Accepter une telle initiative consiste purement et simplement à mettre à la porte ces sociétés ainsi que toutes celles qui se sont récemment implantées dans la région lémanique. (Procter & Gamble, Philip Morris, Cadbury, …) Est-ce vraiment ce que l’on souhaite ? Le fait qu’un top manager touche CHF 40'000'000 par ans n’est pas choquant et ne regarde QUE les actionnaires de la société.

Ecrit par : David B. | 12.10.2009

"Pour toi, de toute manière, un canton utile, c'est un canton avec 95% d'assistés qui vivent au crochet des 5% restant"

Ahh... ce fantasme d'une population de profiteurs, rêvant d'oisiveté payée... Non mais, Philippe, reviens un peu sur terre !!! Observe la population active (pas que les cadres stp) un peu mieux, et tire des conclusions plus dignes que celle-ci.
Cela me fait toujours pleurer de voir un tel paradoxe : la droite tire à boulets rouges sur les profiteurs de l'AI, les subventionnés, etc., mais glorifie les profiteurs "qui ont réussi". Tu dis préférer le capitalisme sauvage, mais as-tu conscience réellement que ses conséquences (car le capitalisme est-il autre choses que sauvage ? La crise devrait te le rappeler...) sont justement : les subventions, des conditions salariales et professionnelles qui poussent des ouvriers et employés à bout, dont quelques uns ont fait le pêché suprême de profiter de l'AI après avoir été abusés ?
As-tu aussi conscience de la proportion non négligeable de personnes exploitées professionnellement (je parle en connaissance de cause) ? Un nivellement par le haut, fut-il faible, aurait des conséquences extrêmement bénéfiques pour la Suisse : réduction des coûts de la santé (car une proportion énorme des coûts de la santé est liée aux mauvaises conditions travail, stress, surcharge, etc.), augmentation de la consommation, réduction des subventions.

Tu affirmes ne pas croire une seconde à un nivellement salarial par le haut.
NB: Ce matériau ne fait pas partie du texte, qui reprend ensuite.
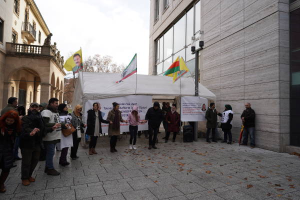 Акция проводится в знак солидарности с голодовкой, начатой месяц назад в тюрьме Амеда депутатом от Хаккари Лейлой Гювен, которая требует положить конец режиму изоляции, навязанному курдского национальному лидеру Абдулле Оджалану. На третий день голодовки активисты в Штутгарте зачитали пресс-релиз для прессы. После пресс-релиза была установлена палатка, и новая группа из восьми человек начала голодовку. Один из первых участников голодовки Пембуша Озмен заявил, что хочет продолжить акцию и присоединиться к новым активистам. Многие люди пришли сюда, чтобы выразить свою солидарность с голодающими. Голодовка проводится на улице в течение дня и продолжается в Центре демократического общества по вечерам.

Penses-tu que les salariés extrêmement bien payés se suffiraient de 12 fois plus que le salarié le moins bien payé ? Je suis absolument persuadé que si cette initiative passe, elle forcera la main aux patrons d'entreprises à redistribuer la masse salariale. C'est une initiative définitivement socialiste, car elle lie le salaire le plus haut à celui le plus bas. Un exemple de réussite ? La Banque Alternative Suisse, qui limite le salaire le plus haut à 2,7 fois plus que le plus bas. Cette banque a une croissance de 7% par année, sa base éthique ne la pénalise donc absolument pas.
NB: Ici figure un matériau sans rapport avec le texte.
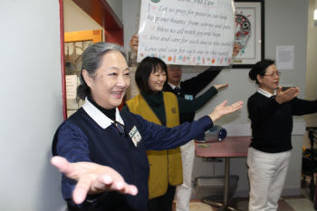 罗美玲师姊以「普天三无」和「爱与关怀」二首英文版手语歌曲带动,大家一起唱、一起比,藉由歌声和手语温暖大家的心,让悲伤及忧虑远去,祝福大家幸福快乐、充满希望,譲爱与关怀充满在世界每个角落。

Je suis persuadé qu'une transition entre un capitalisme sauvage et un libéralisme écologique et social où les patrons ont comme but PREMIER de participer au bien commun (celui des employés et celui de la population par le biais des produits) est possible, et qu'elle n'est pas une utopie irréalisable.

http://domainepublic.blog.24heures.ch/archive/2009/04/25/apres-la-crise-revenir-aux-sources-du-liberalisme.html


ABE salut

Ecrit par : Gaël | 19.01.2010

Ah oui, et regarde et analyse définitivement le film "Let's Make Money". Il t'aidera à revenir à une réalité mondiale que tu refuses de voir, par ignorance certainement puisque je ne crois pas que tu aies de mauvaise foi.

Ecrit par : Gaël | 19.01.2010

Ce qui est marrant c'0est de voir certains faire une loi général parce qu'une poignée de dirigeant se font "des millions".

Cela dit, pour ma part, dans les idées "socialistes" qui consistent à niveler par le bas l'idée du 1:12 est l'approche la plus constructive que je trouve (oulala ca va étonner certain, je sais...) . Bien qu'il reste à définir le 1:12 par autre chose. Ex 1:20 à partir d'un chiffre d'affaire de X et de 1:12 à partir d'un chiffre d'affaire.

Car après tout, ca n'empechera pas Vasella de gagner 40 millions si le salaire le plus bas est de 3.3 millions...
Cela dit, ca ne me pose absolument pas de problème qu'un Patron gagnent des millions s'il respecte aussi ses employés. Et il ne faut poas oublié que sans les dizaine de milliers d'employé de l'entreprise, Vasella ne pourrait pas gagner son salaire. Et ce qui est assez interressant de constater c'est que les "diplomés" qui veulent socialiser le salaire en entreprise, sont ceux aussi qui justifie le montant de leur salaire, excepté pour ceux qui ont laissé les études de coté pour créer leur entreprise (ex: Bill Gates).


Par contre ce qui me gêne toujours c'est certains commentaire gratuit, facile, "y'a les gentils d'un coté, y'a les méchants de l'autre".